Drakes Bay Oyster Company Making Final Appeal To Stay Open
DRAKES BAY (CBS SF) - Calling the Drakes Bay Oyster Co. a "shining example of sustainable agriculture," a lawyer for the business urged a federal appeals court in San Francisco Tuesday to allow the company to keep operating.
Attorney Amber Abbasi argued that former U.S. Interior Secretary Ken Salazar "ignored the public interest in preserving an 80-year-old farm" when he declined last year to extend the company's permit to operate in the Point Reyes National Seashore.
Company owners Kevin and Nancy Lunny are asking the 9th U.S. Circuit Court of Appeals to issue a preliminary injunction that would enable the farm to continue harvesting oysters while the owners challenge Salazar's action in a federal trial court.
A three-judge panel of the appeals court took the case under submission after hearing arguments Tuesday morning and will issue a written decision at a later date.
The farm grows oysters on 1,000 acres of submerged lands in Drakes Estero, an estuary of Drakes Bay, and packages them on 1.5 acres of land along the shoreline.

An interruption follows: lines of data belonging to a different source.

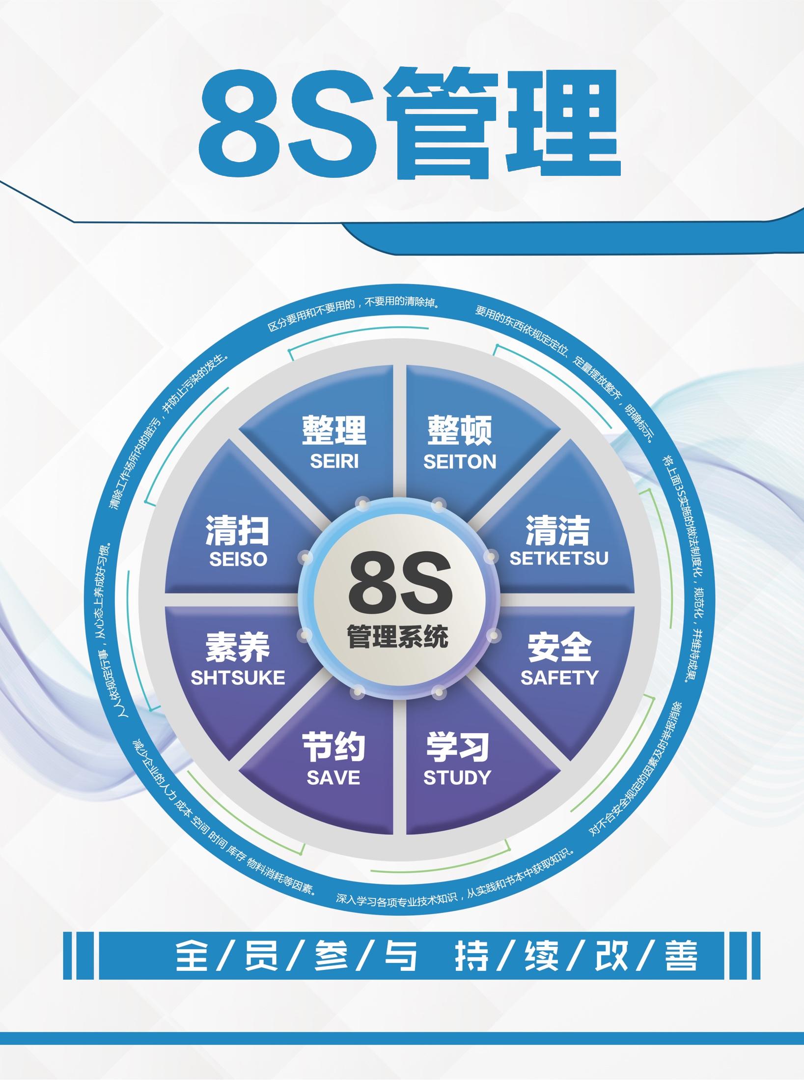 公司推行8S体系管理,从整理、整顿、清扫、清洁、素养、安全、节约、服务八个维度全面提升管理水平,确保生产环境整洁有序、作业流程规范高效。其组织架构清晰,质量体系管理严格,通过持续优化团队、改进工艺、更新设备,不断提升综合服务能力。
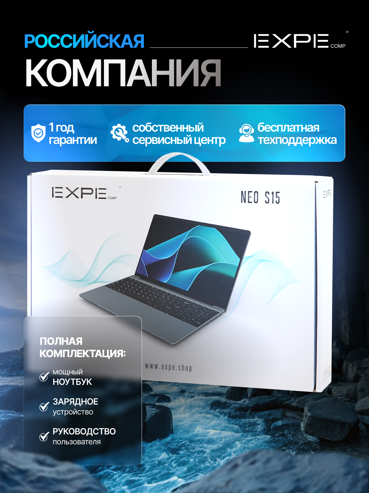 Ноутбук для работы и учебы EXPEcomp NEO S15, Intel N5095 (до 2.9 GHz, 4 ядра), RAM 16 GB, SSD 512 GB, Windows 11 Pro
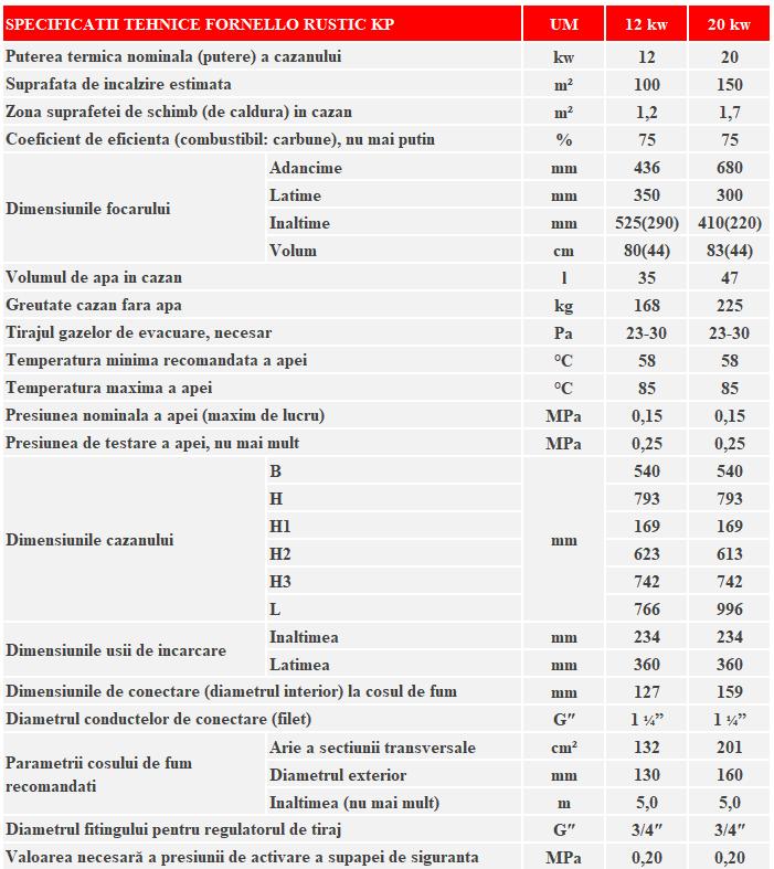 Principalele caracteristici tehnice ale cazanelor Fornello Rustic KP sunt prezentate mai jos:
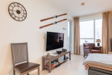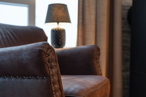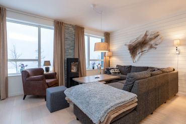 * Vardagsrum med soffa, fåtölj, TV, braskamin, Sonos och AppleTV
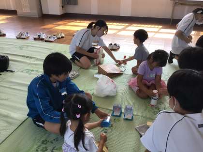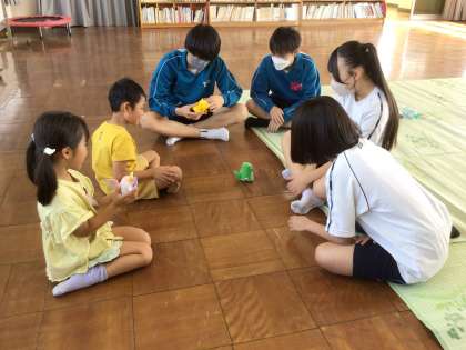 家庭科の授業で園児たちが安全に楽しめるおもちゃをつくり、どんな活動が喜ばれるかをしっかり調べるなど、万全の準備をして実習に臨みました。
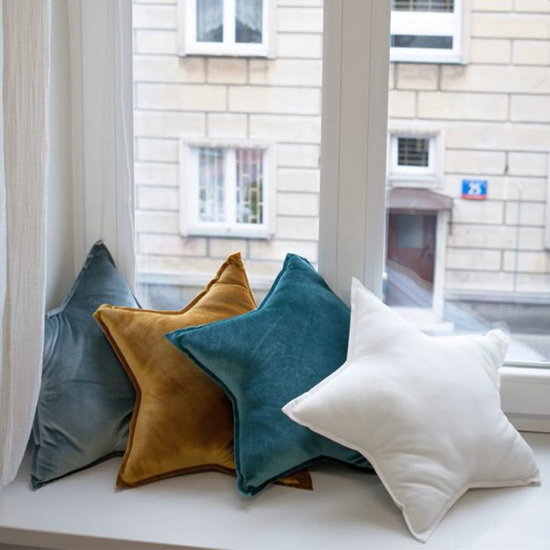 Featuring a bold star silhouette in variety of colors, these cushion combines playful design with sophisticated style. The smooth velvet surface adds a touch of glamour, while its unique shape makes it perfect as a statement piece for sofas, beds, or cozy reading corners.
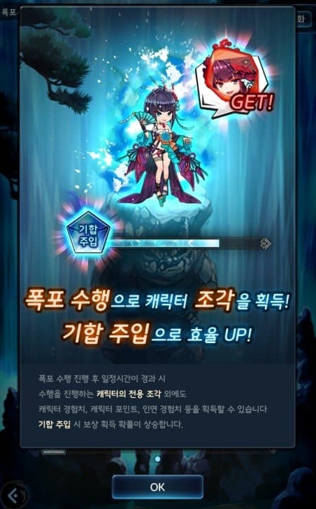 캐릭터 조각/ 캐릭터 경험치/ 캐릭터 포인트/ 인형 경험치 획득할 수 있어
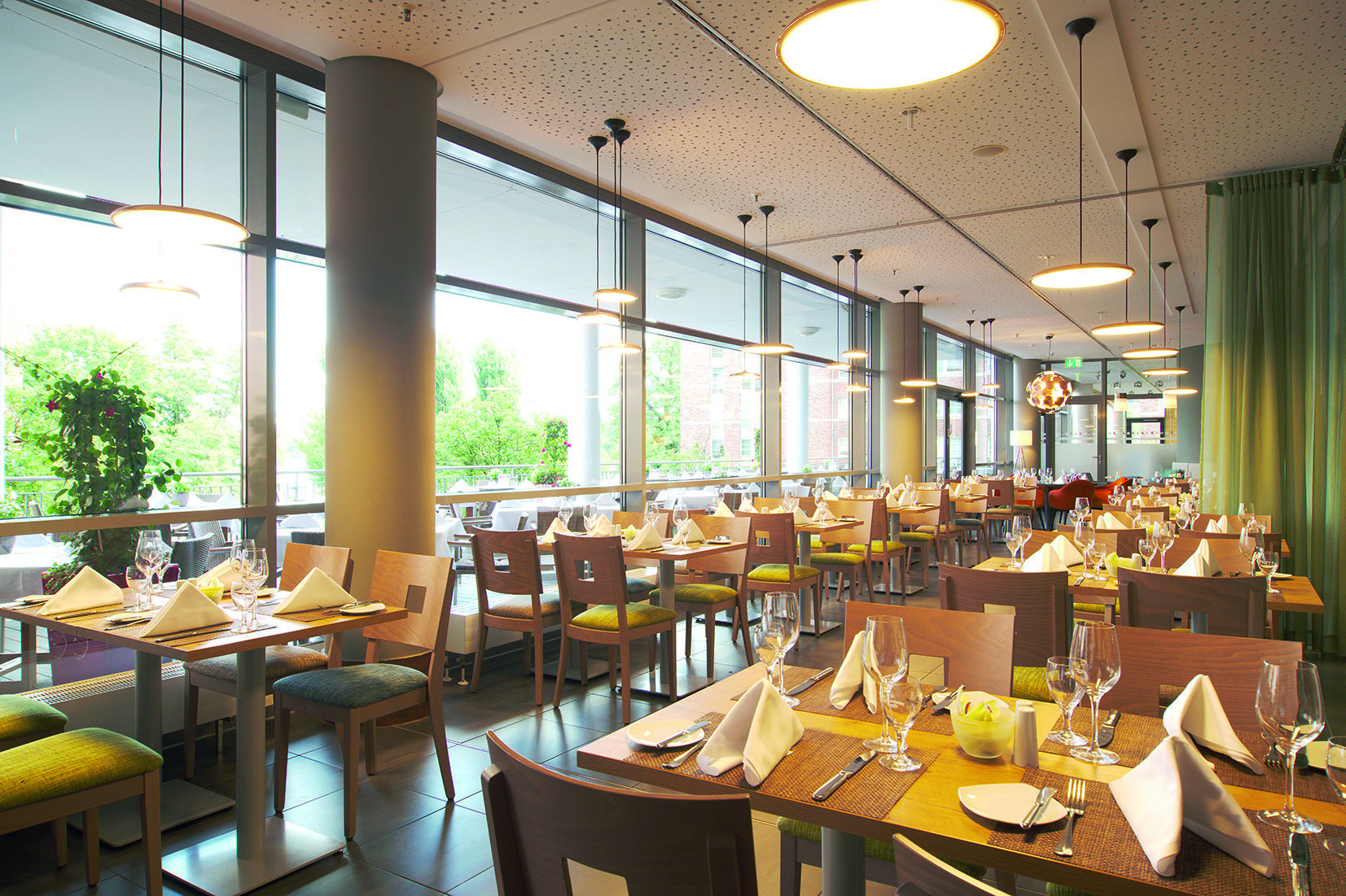 - Im Frühstücksraum und im Bistro "Brennbar" sind Tische vorhanden, die max. 80 cm hoch und in einer Höhe von 67 cm und einer Tiefe von 30 cm unterfahrbar sind.
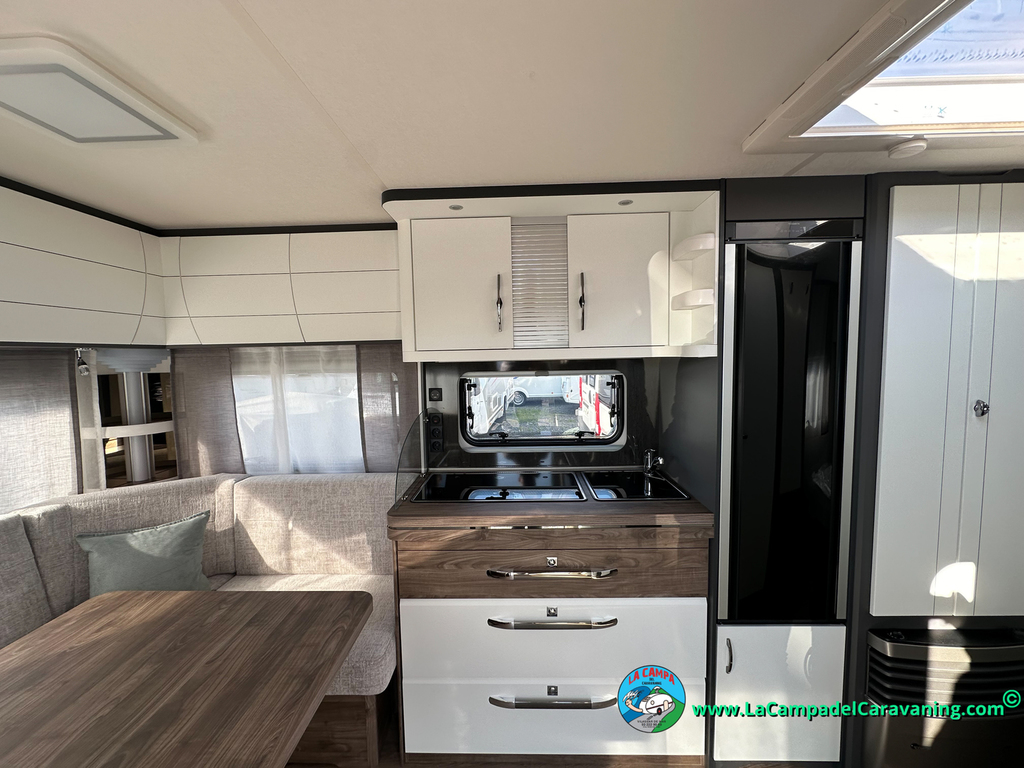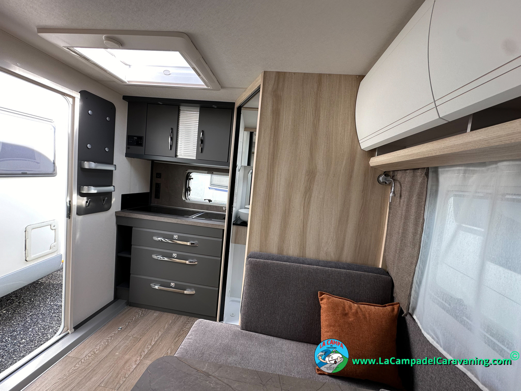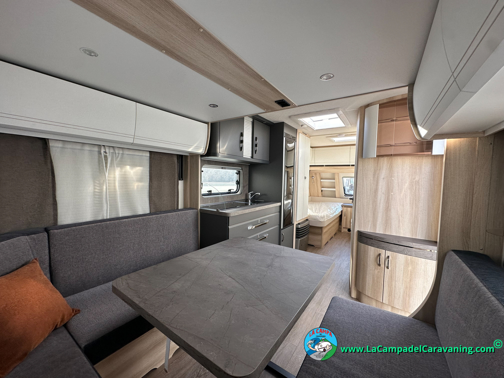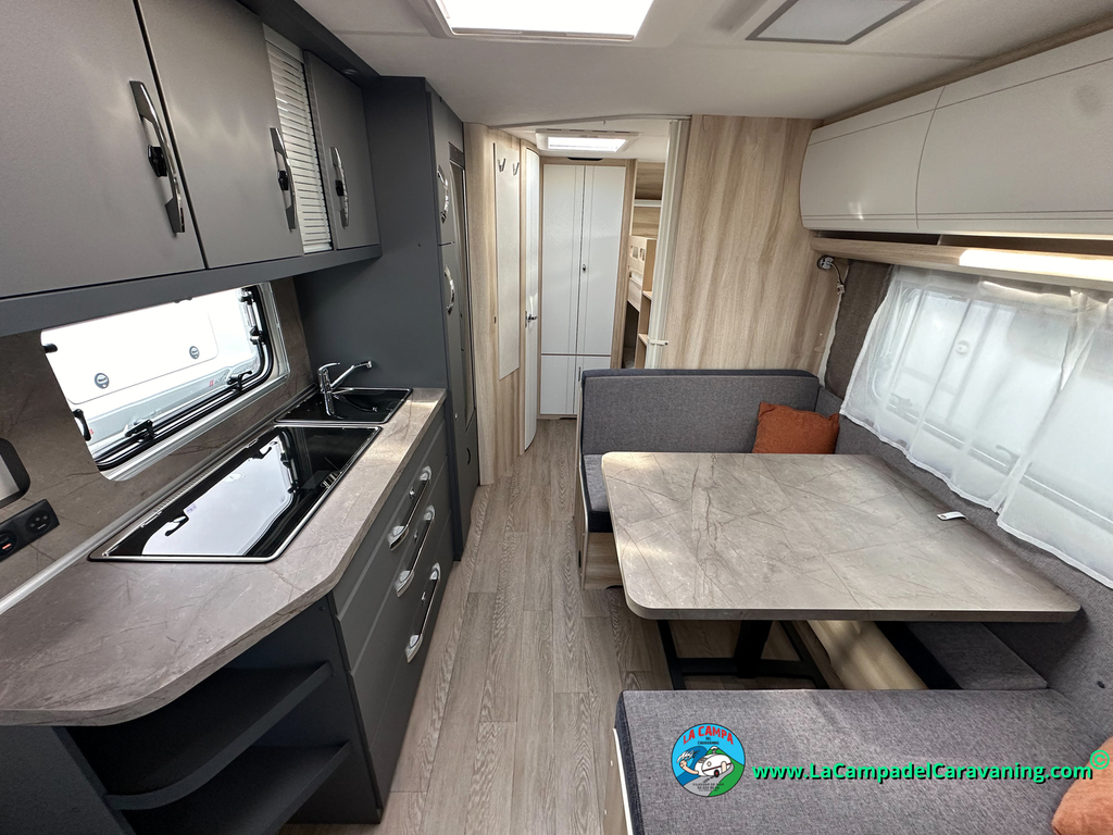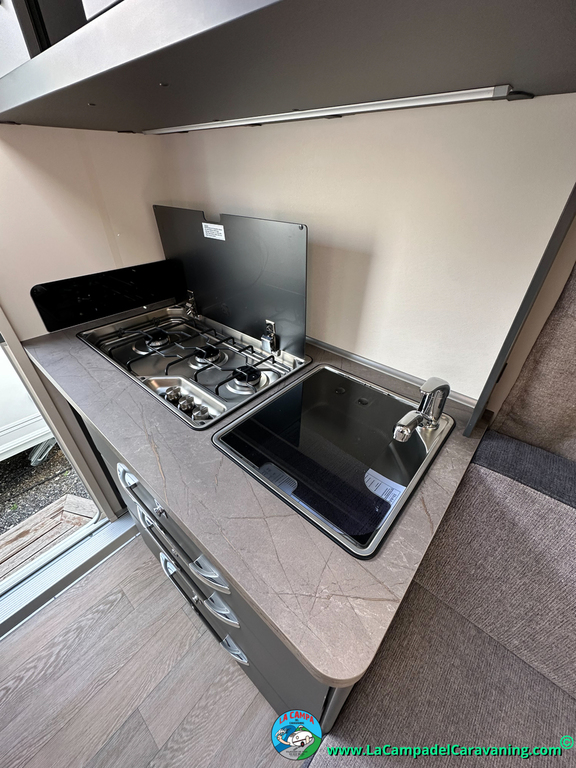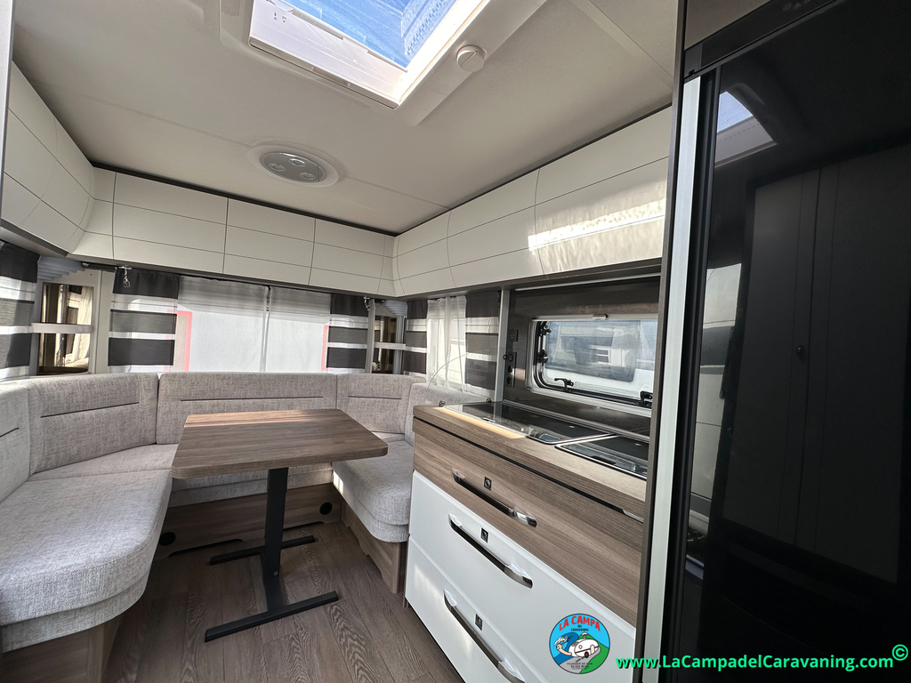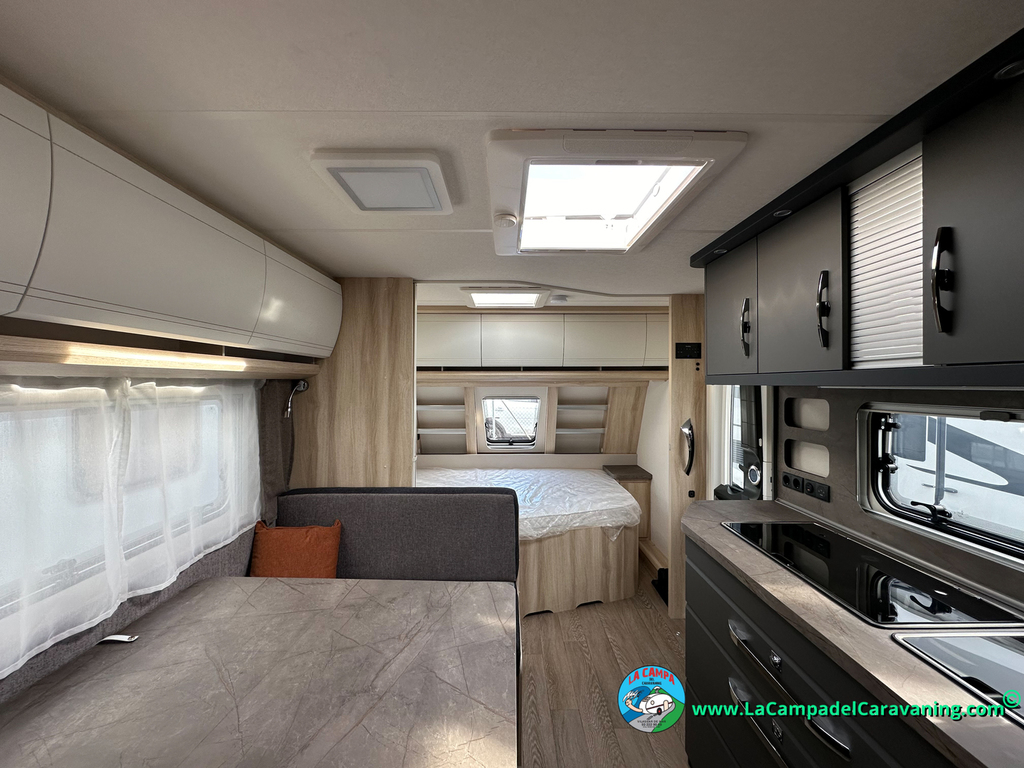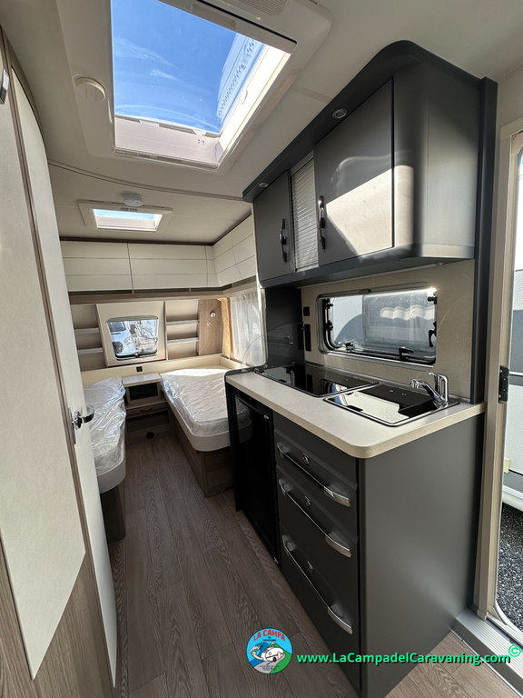 A destacar su baño con ducha independiente enorme. Un baño que enamora. Si buscas caravana y poder ducharte en ella con tu familia es de lo mas polivalente. Apta para parejas y familias con niños

It says it produces more than a third of all oysters grown in California.
The Interior Department contends a 2009 law gave Salazar discretion to decide whether to continue the permit beyond 2012, and that he had the authority to decide the area should return to wilderness.
Justice Department attorney David Gunter argued that the Lunnys and a predecessor company, Johnson Oyster Co., reached a bargain with the government when the farm received a 40-year permit in 1962.
"They got their 40 years," Gunter told the appeals court.
The oyster farm is appealing a decision in which U.S. District Judge Yvonne Gonzales Rogers of Oakland in February refused to issue a preliminary injunction, after concluding that Salazar had "complete discretion" to decide whether to continue the permit.
The appeals court later issued a temporary injunction allowing the farm to stay open until the appeal is resolved.
Current Interior Secretary Sally Jewell replaced Salazar as a defendant in the case after Salazar stepped down and Jewell took office in April.
Drakes Bay Oyster Company Making Final Appeal To Stay Open
Abassi said Salazar's decision is based on a "multitude of errors of law".
Lawyers for the Justice Department said Salazar was in the right when he backed U.S. Park Service efforts to return Drakes Estero to its natural habitat. They argued that his decision was based on the incompatibility of commercial activities in wilderness.
Conservative Republicans are among the supporters of the Lunny's and favor commercial use of federal lands.
"We feel very comfortable we're doing the right thing. We believe in dearly in the protection of natural resources," Kevin Lunny said.
If the justices rule against Drake's Bay the farm will close. If they continue the injunction the case will go to trial and could ultimately lead to the U.S. Supreme Court.